_Work order_
Your copy should hold only the lines from the one with "Trong đêm hội trăng rằm các" to the one with "按照國際標(biāo)準(z", both included, each exactly as it stands below, with no pictures.

_Supplied data_
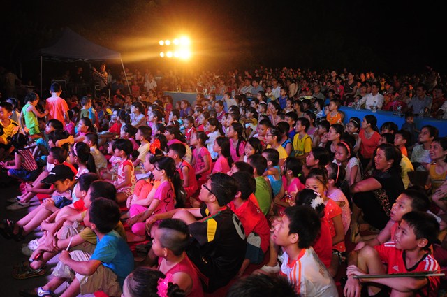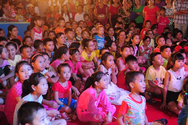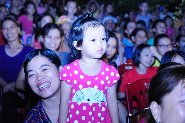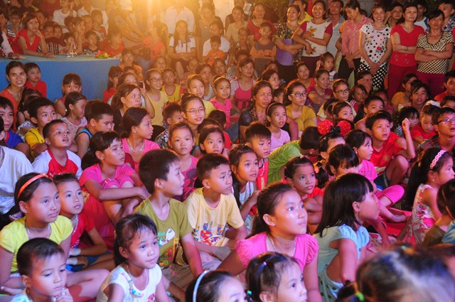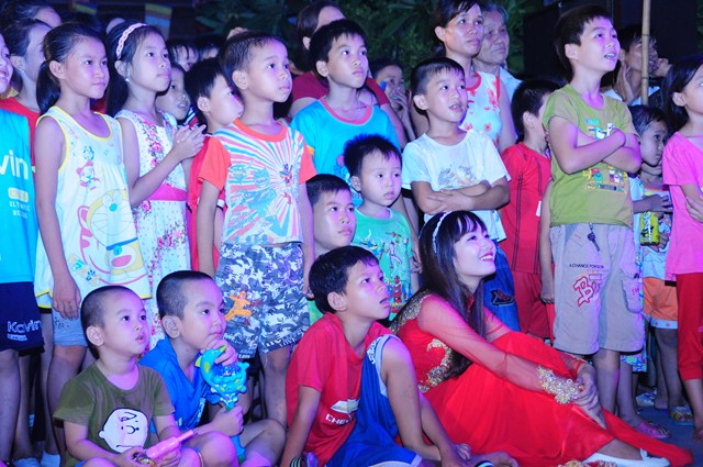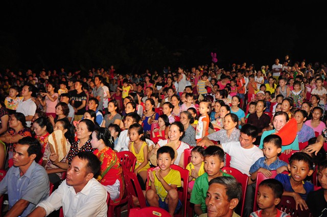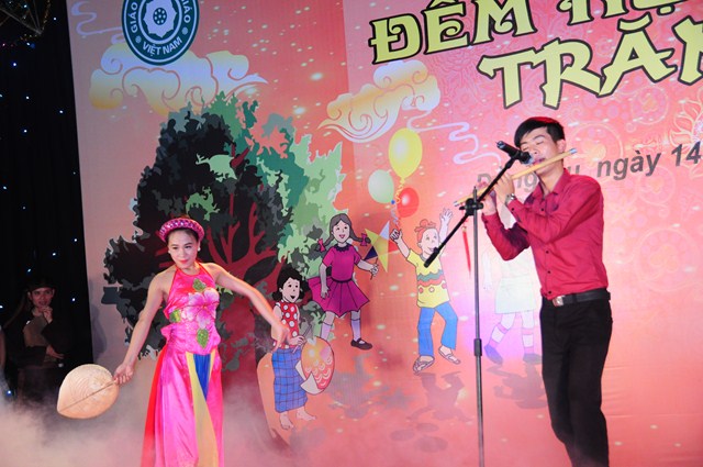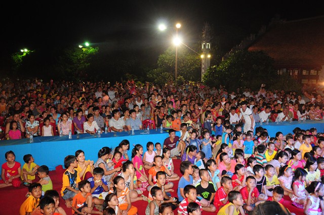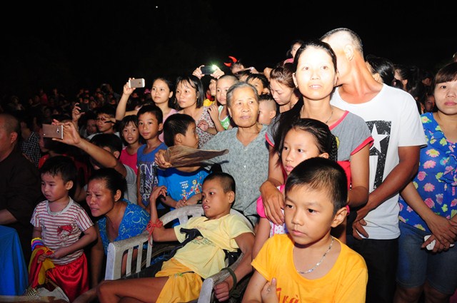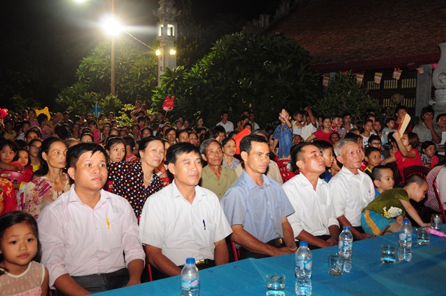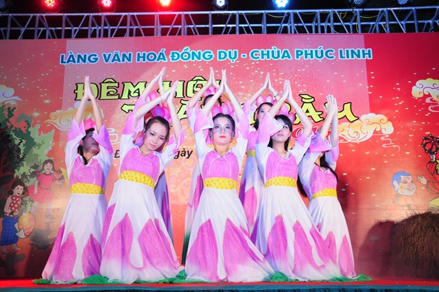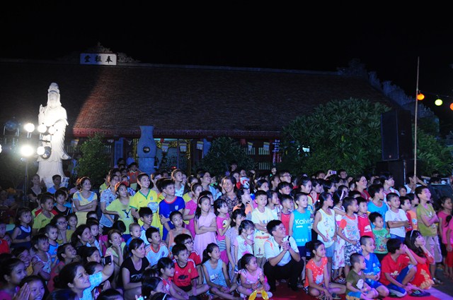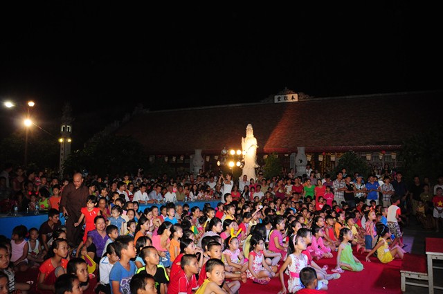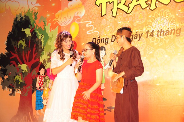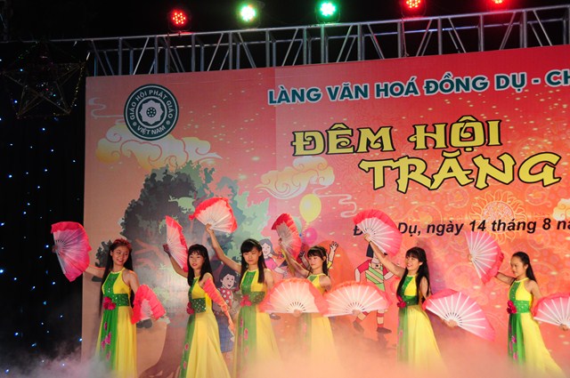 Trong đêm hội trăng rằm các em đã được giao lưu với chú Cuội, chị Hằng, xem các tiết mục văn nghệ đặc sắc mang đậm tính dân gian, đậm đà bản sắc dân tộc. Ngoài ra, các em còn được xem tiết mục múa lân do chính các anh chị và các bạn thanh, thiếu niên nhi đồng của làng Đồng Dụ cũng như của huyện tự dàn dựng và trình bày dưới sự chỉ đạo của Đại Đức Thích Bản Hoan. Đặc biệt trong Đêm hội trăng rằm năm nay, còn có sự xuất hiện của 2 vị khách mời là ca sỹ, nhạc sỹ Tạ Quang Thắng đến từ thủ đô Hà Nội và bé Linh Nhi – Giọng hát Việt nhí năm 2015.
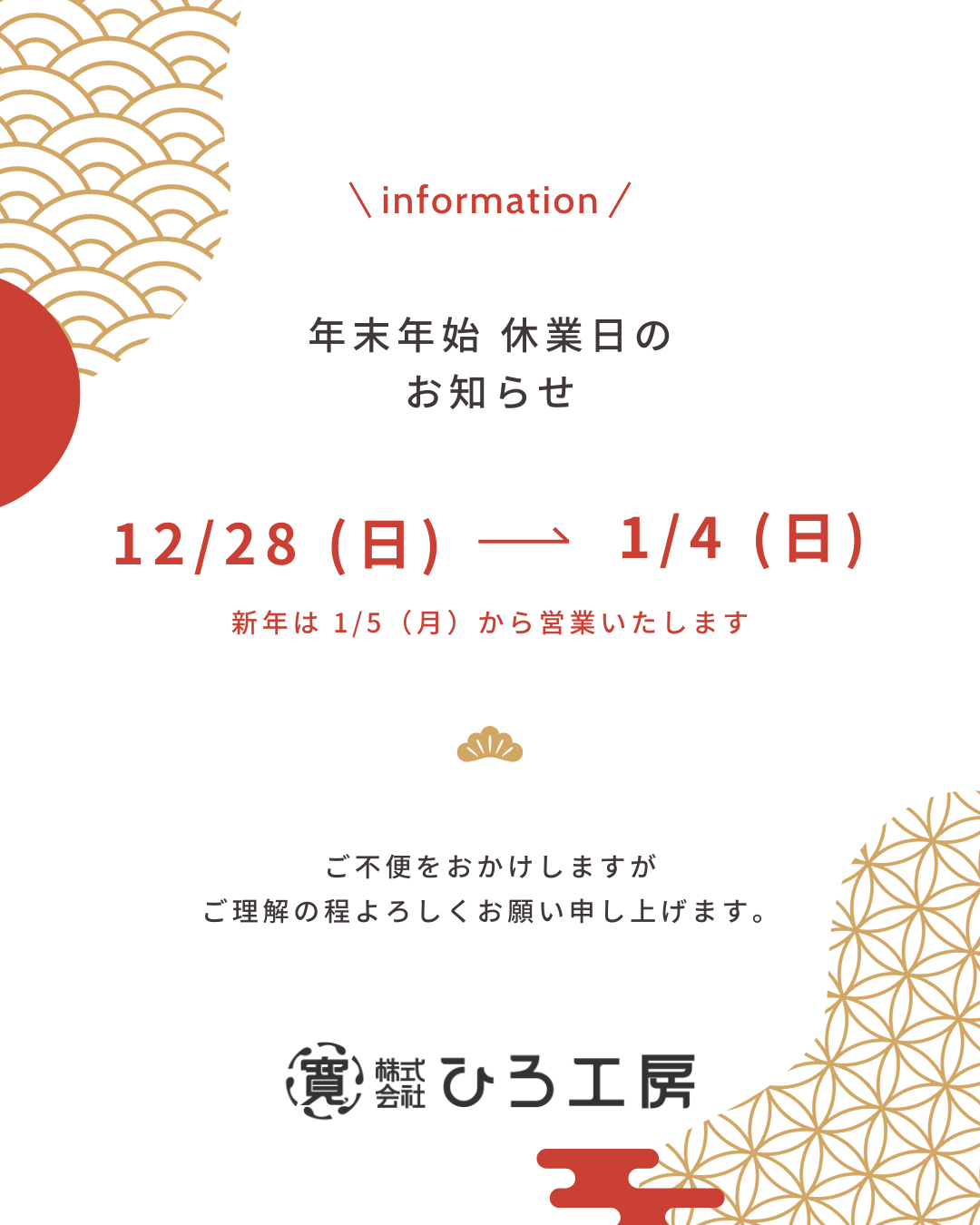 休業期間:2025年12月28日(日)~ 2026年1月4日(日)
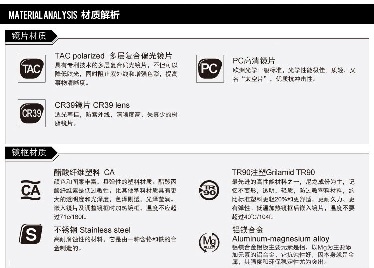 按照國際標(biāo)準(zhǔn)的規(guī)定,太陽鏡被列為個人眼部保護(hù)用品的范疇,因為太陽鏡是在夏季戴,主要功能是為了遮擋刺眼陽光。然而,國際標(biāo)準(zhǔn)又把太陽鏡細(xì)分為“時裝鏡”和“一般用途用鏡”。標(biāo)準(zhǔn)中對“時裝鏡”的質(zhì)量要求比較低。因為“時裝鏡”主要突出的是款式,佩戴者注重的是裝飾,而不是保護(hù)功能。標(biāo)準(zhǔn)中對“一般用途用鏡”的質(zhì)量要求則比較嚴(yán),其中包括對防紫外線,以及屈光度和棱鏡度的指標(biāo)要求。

...

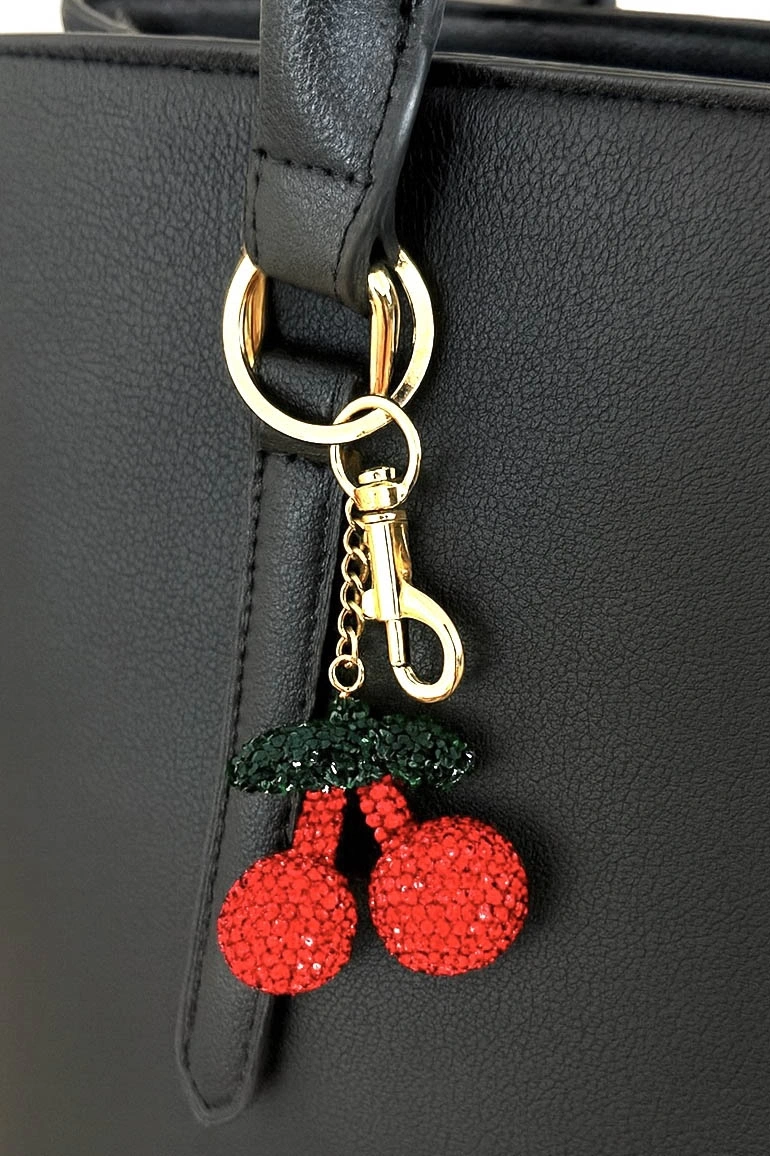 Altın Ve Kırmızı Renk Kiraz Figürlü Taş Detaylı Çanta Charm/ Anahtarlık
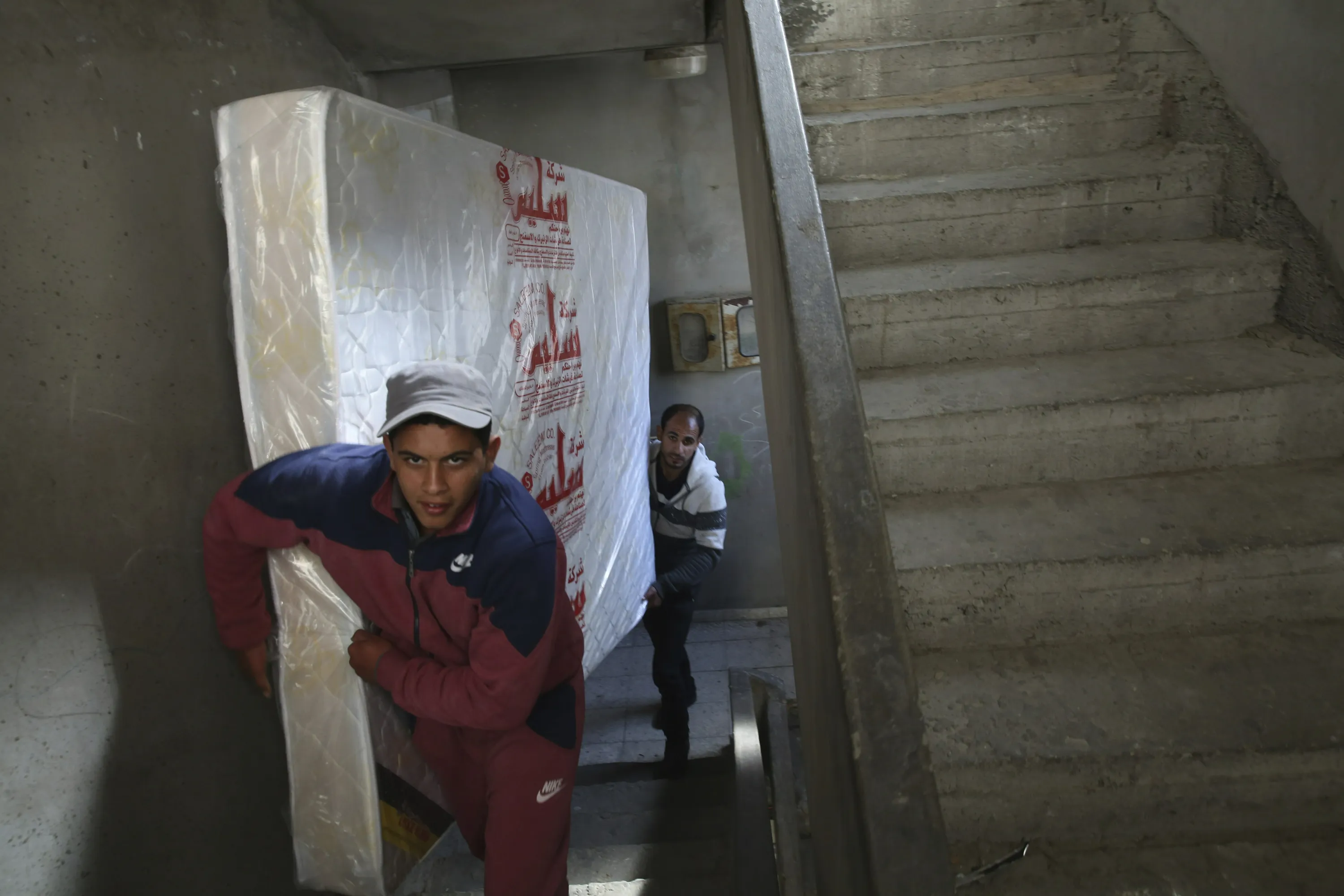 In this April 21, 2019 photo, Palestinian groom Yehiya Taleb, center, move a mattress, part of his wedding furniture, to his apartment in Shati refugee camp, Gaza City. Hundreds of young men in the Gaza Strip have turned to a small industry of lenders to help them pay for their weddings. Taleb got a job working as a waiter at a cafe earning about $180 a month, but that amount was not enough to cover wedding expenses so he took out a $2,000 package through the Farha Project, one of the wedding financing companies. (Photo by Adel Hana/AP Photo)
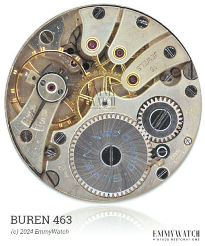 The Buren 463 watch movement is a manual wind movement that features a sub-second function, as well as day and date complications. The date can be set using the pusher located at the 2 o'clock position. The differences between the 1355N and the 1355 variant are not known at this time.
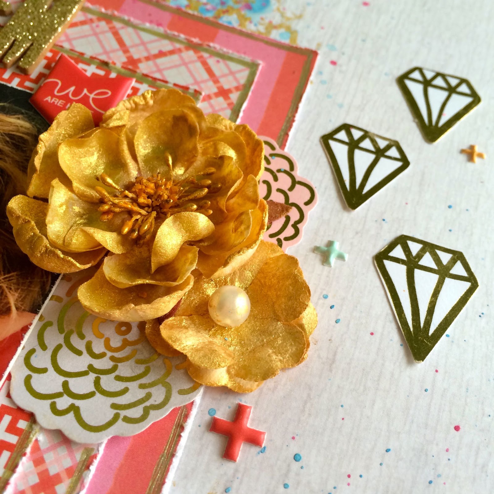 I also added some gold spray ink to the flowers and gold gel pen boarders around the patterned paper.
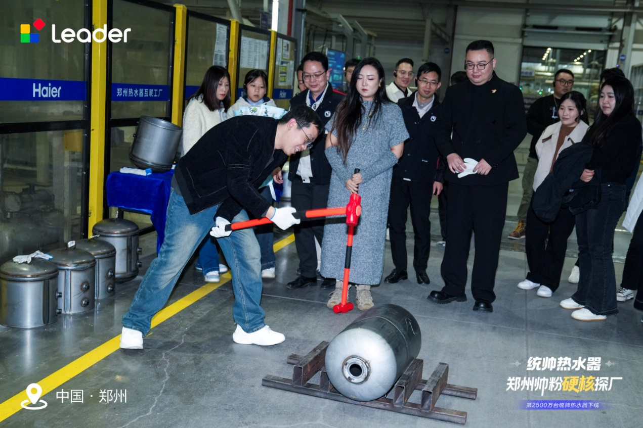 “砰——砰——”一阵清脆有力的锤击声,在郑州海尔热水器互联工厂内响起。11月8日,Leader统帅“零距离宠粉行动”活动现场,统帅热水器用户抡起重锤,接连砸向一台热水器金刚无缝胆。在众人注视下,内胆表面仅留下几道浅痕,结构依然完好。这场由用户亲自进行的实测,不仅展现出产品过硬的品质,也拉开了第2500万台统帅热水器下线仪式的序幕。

_Solved exercise_
 Trong đêm hội trăng rằm các em đã được giao lưu với chú Cuội, chị Hằng, xem các tiết mục văn nghệ đặc sắc mang đậm tính dân gian, đậm đà bản sắc dân tộc. Ngoài ra, các em còn được xem tiết mục múa lân do chính các anh chị và các bạn thanh, thiếu niên nhi đồng của làng Đồng Dụ cũng như của huyện tự dàn dựng và trình bày dưới sự chỉ đạo của Đại Đức Thích Bản Hoan. Đặc biệt trong Đêm hội trăng rằm năm nay, còn có sự xuất hiện của 2 vị khách mời là ca sỹ, nhạc sỹ Tạ Quang Thắng đến từ thủ đô Hà Nội và bé Linh Nhi – Giọng hát Việt nhí năm 2015.
 休業期間:2025年12月28日(日)~ 2026年1月4日(日)
 按照國際標(biāo)準(zhǔn)的規(guī)定,太陽鏡被列為個人眼部保護(hù)用品的范疇,因為太陽鏡是在夏季戴,主要功能是為了遮擋刺眼陽光。然而,國際標(biāo)準(zhǔn)又把太陽鏡細(xì)分為“時裝鏡”和“一般用途用鏡”。標(biāo)準(zhǔn)中對“時裝鏡”的質(zhì)量要求比較低。因為“時裝鏡”主要突出的是款式,佩戴者注重的是裝飾,而不是保護(hù)功能。標(biāo)準(zhǔn)中對“一般用途用鏡”的質(zhì)量要求則比較嚴(yán),其中包括對防紫外線,以及屈光度和棱鏡度的指標(biāo)要求。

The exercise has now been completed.